With BioMarin Pharmaceuticals (NASDAQ:BMRN) announcing that it will be profitable in 2017 on a non-GAAP basis with the approval of its Duchenne muscular dystrophy drug, drisapersen, in either the U.S. or Europe, most of the focus on the conference call will be on the potential approval of drisapersen.
Here are three things you should pay attention to as the biotech reports first quarter earnings.
Drisapersen in the U.S.
On Monday, BioMarin announced that it completed its submission of the application to market drisapersen in the United States. The Food and Drug Administration has two months to review the application and decide whether to accept the application. Drisapersen's previous owner, Prosensa, which BioMarin bought last year, said the FDA gave the company "positive feedback" about applying with the current data set, so the FDA's accepting the application seems likely.
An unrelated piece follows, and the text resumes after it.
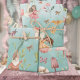 Aquarellfarben bemalt, die Blätter in der Verpackung von Kindern in leuchtend pastellfarbenen Hintergründen mit einem Märchengarten mit geflügelten Feen, Gnomen, Fröschen, Schnecken, Schmetterlingen und Pilzen.

An approval, on the other hand, is far from a sure thing. The drug failed its phase 3 trial, but BioMarin is hoping that the "totality of data" will be enough to get the drug an accelerated approval, which requires the company to run a follow-up trial to confirm that the drug works. Given the unmet need -- there aren't any drugs approved to treat Duchenne muscular dystrophy -- BioMarin might be able to gain approval despite the far-from-clean data.
We'll find out about the exact timing of when to expect an FDA decision when the FDA accepts the application, but the decision should come around the end of the year, assuming the drug gets an accelerated approval. There will also probably be an FDA advisory panel meeting of outside experts that will make a recommendation to the FDA, so listen for management's feelings on the challenges of that meeting.
Drisapersen in Europe
BioMarin plans to submit its application to market drisapersen in Europe this summer. Compared with their U.S. counterparts, European regulators tend to be more lenient on efficacy issues -- and more stringent on safety issues, but that doesn't seem to be an issue with drisapersen -- so the likelihood of approval is probably higher in the EU than in the United States.
BioMarin hasn't said much about the European application beyond the plan to apply during the summer. With the U.S. application wrapped up, hopefully the company gives some indication on its plans to persuade regulators to approve the drug there. Like the U.S., the approval will probably be contingent on BioMarin's running an additional clinical trial to confirm that the drug works.
Oh, yeah, the rest of BioMarin's drugs
On its fourth-quarter conference call, BioMarin said it expects revenue of between $840 million and $870 million this year. The guidance included $35 million in "lost" revenue from changes in currencies. Since the dollar has strengthened further, we may see further scale-back of the guidance unless the quarter blows past expectations and the company feels it can make up for the additional currency exchange-rate changes.
Of all of BioMarin's drugs, Vimizim is the one to keep an eye on, as it should contribute the most to BioMarin's year-over-year growth. Last year, BioMarin sold $77 million worth of Vimizim, which treats a genetic disease called Mucopolysaccharidosis type IVA, but it expects that to more than double to between $170 million and $200 million this year.
BioMarin finished the year with $37 million worth of Vimizim sales in the fourth quarter, so the biotech needs quarter-over-quarter growth of about 13% to meet the midpoint of its goal. At constant growth, which probably isn't going to happen since the drug is still launching in different countries, BioMarin needs first-quarter sales for Vimizim of around $41.8 million to reach the midpoint of its goal.